Salary and Return on Investment
BSN-prepared nurses earn more on average than their ADN-prepared counterparts. Payscale data from mid-2023 put the average BSN salary at about $92,000 per year, compared to roughly $75,000 for nurses with an associate degree. That’s a difference of around $17,000 annually. Given that many RN-BSN programs can be completed in 12 to 18 months, the financial return tends to materialize quickly, especially if your employer offers tuition reimbursement (which many hospitals do for nursing staff pursuing a BSN).
Beyond the salary bump, the degree opens access to roles that typically require a bachelor’s as a baseline: case management, public health nursing, nursing education, quality improvement, and frontline leadership positions like charge nurse or nurse manager.

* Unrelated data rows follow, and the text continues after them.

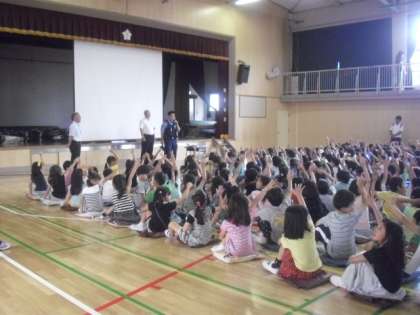 学校公開期間が始まりました。たくさんの保護者・地域の方の参観がありました。学校運営委員会主催の「読み聞かせスタッフ説明会」も開催され、たくさんの保護者の参加もありました。また、成城警察からスクールサポーターの方を迎え、5時間目は低学年、6時間目は高学年で「セーフティ教室」を行い、たった一つの自分の命を守る「防犯」に関する勉強をしました。その後、保護者・地域の方、警察・教員とで情報交換を行いました。ご参加ありがとうございます。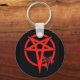 Ett inverterat rött pentagram på en svart bakgrund med ett mindre pentagram med ont skrivet inuti.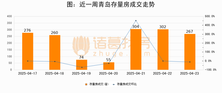 【青岛成交日报】04月23日新房成交232套、二手房267套;
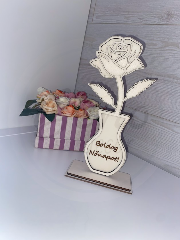 Ez a gyönyörű vázás rózsa egyedi és személyre szabott ajándék Nőnapra vagy bármilyen más ünnepi alkalomra.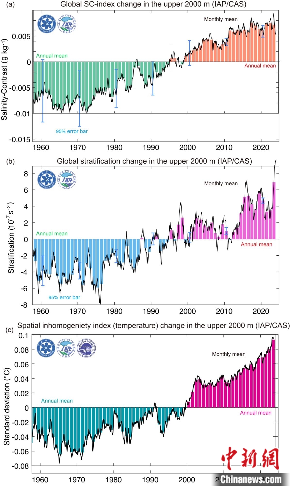 1958-2023年全球海洋上層2000米鹽度差指數(shù)SC(a)、層結(jié)(b)、溫度空間非均勻性指數(shù)(c)變化時(shí)間序列。黑色線條為月度變化,條狀色條為年變化。中國科學(xué)院大氣物理研究所/供圖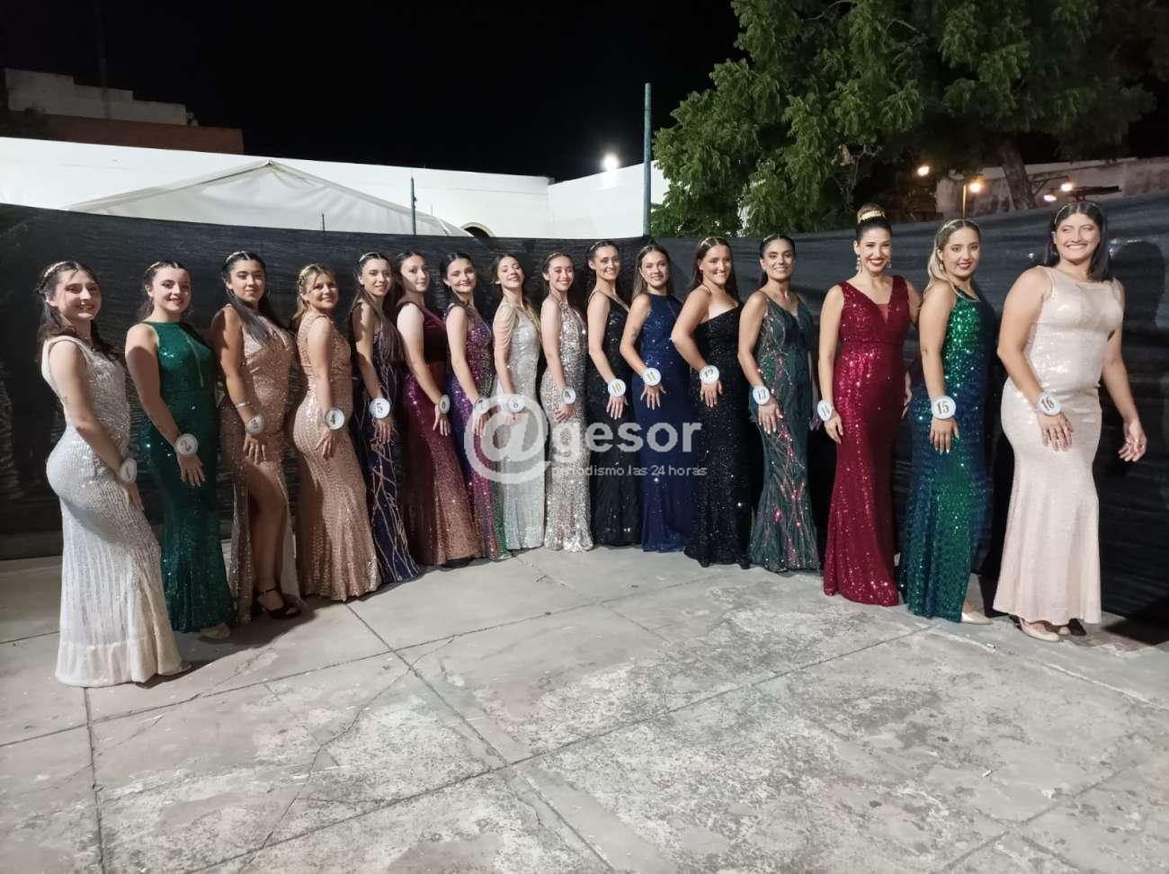 Estas son las 16 postulantes que en las fotografías se las ofrecemos con el vestido de fiesta, prontas para la última pasada, que no es válida para el Jurado, que ya a esa altura tiene tomada la decisión y no se encuentra en el lugar por haberse retirado a deliberar.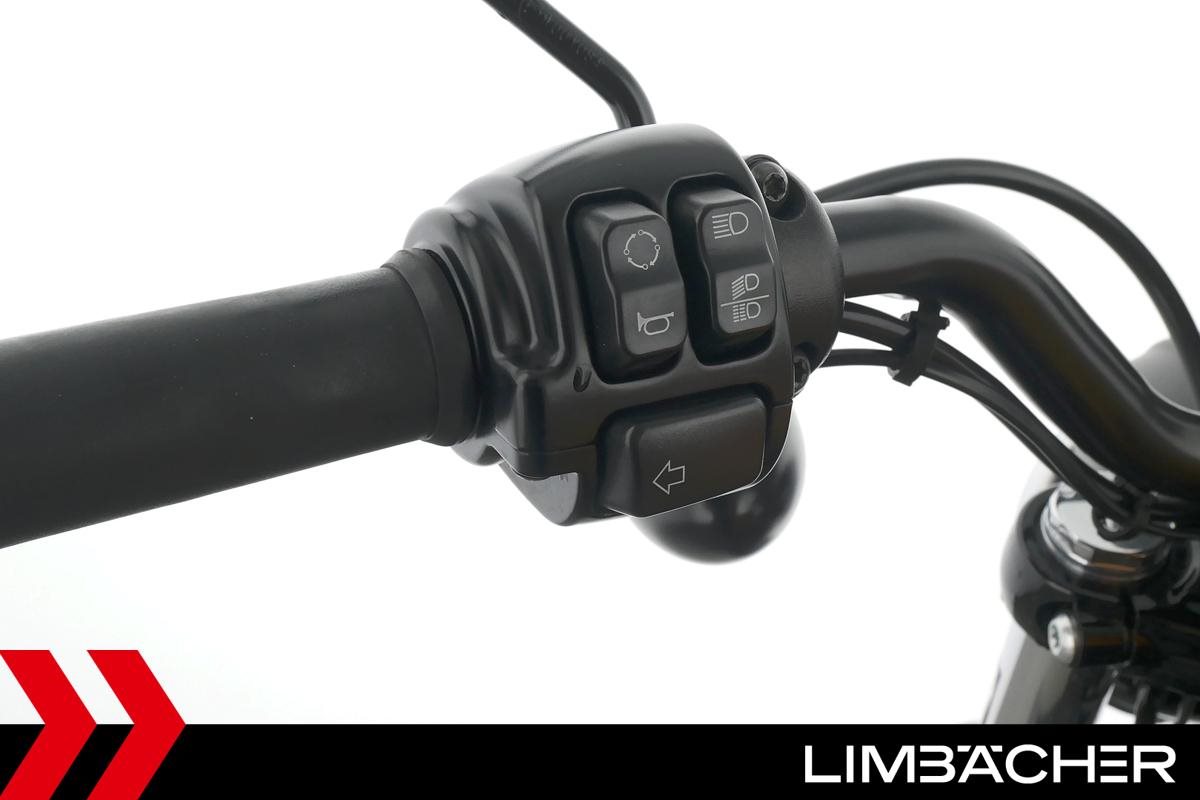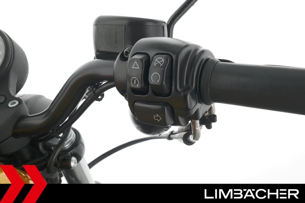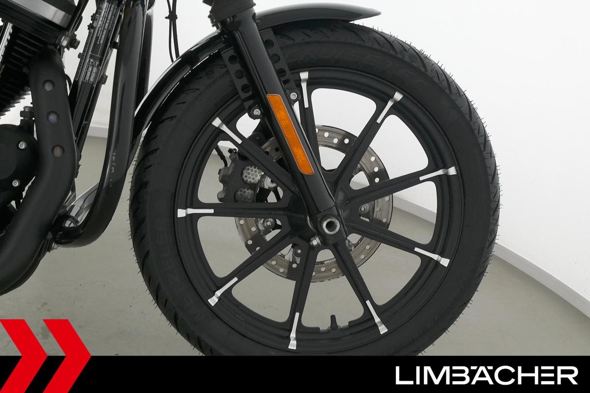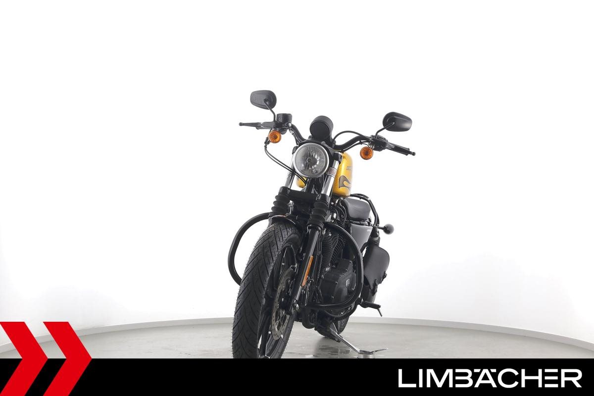 Eine scheckheftgepflegte Harley-Davidson Sportster XL 883 N Iron aus zweiter Hand in sehr gepflegtem Zustand u.a. mit Sturzbügel sowie Leder-Schwingentasche.
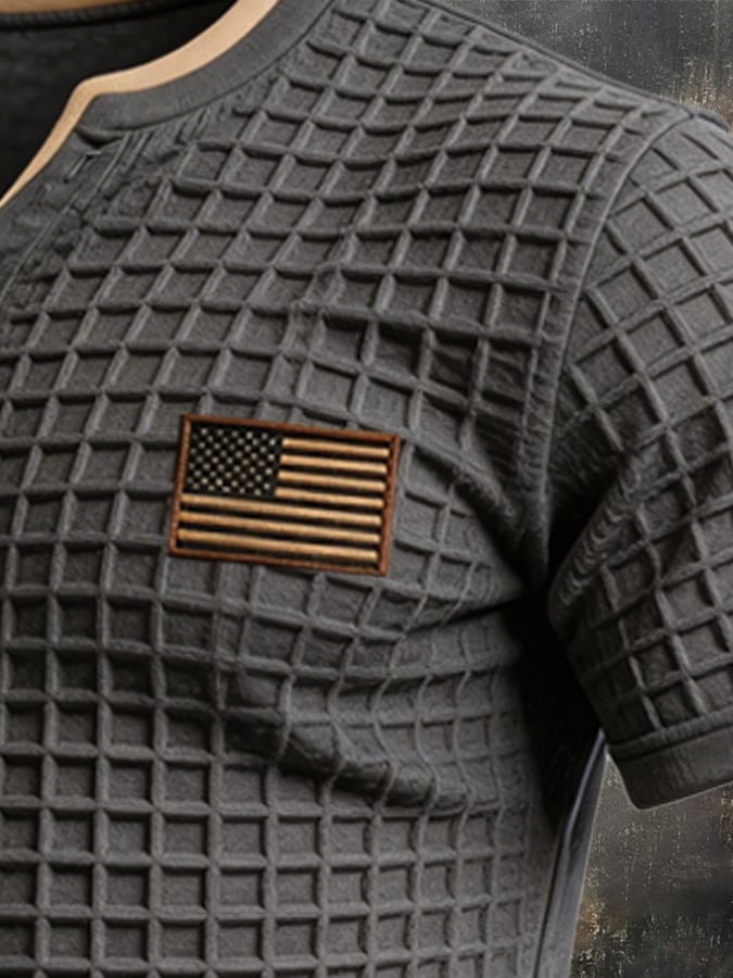 Men's Retro Textured Color-Blocked Polo Collar Short Sleeves

Choosing an Accredited Program
Accreditation matters more than most applicants realize, particularly if you plan to continue your education beyond the bachelor’s level. Two organizations accredit nursing programs in the United States. CCNE (Commission on Collegiate Nursing Education) focuses on BSN, MSN, and doctoral programs and is recognized by the U.S. Department of Education. ACEN (Accreditation Commission for Education in Nursing) covers a broader range, from practical nursing through doctoral programs.
Both are legitimate, but the key reason to verify accreditation is credit transferability. If you later apply to a graduate nursing program, accreditation helps ensure your BSN credits will be accepted. A degree from an unaccredited program could leave you unable to advance, which defeats much of the purpose of going back to school in the first place.
What the Experience Looks Like
Most students in RN-BSN programs are working full time. Programs are designed around that reality. A full-time track typically takes about 12 months, while a part-time pace stretches to roughly two years. At the University at Buffalo, for example, the nursing-specific coursework is 32 credits, though additional general education credits may be needed depending on what you completed in your associate program.
The day-to-day experience involves reading, discussion boards or virtual seminars, writing papers (often evidence-based research papers), and completing projects that apply new concepts to your current practice. If you’ve been out of school for a while, the writing component tends to be the biggest adjustment. The clinical knowledge rarely feels unfamiliar since you’re already doing the work. What changes is how you think about that work: analyzing outcomes data, understanding health policy, and approaching patient care through a population health lens rather than one patient at a time.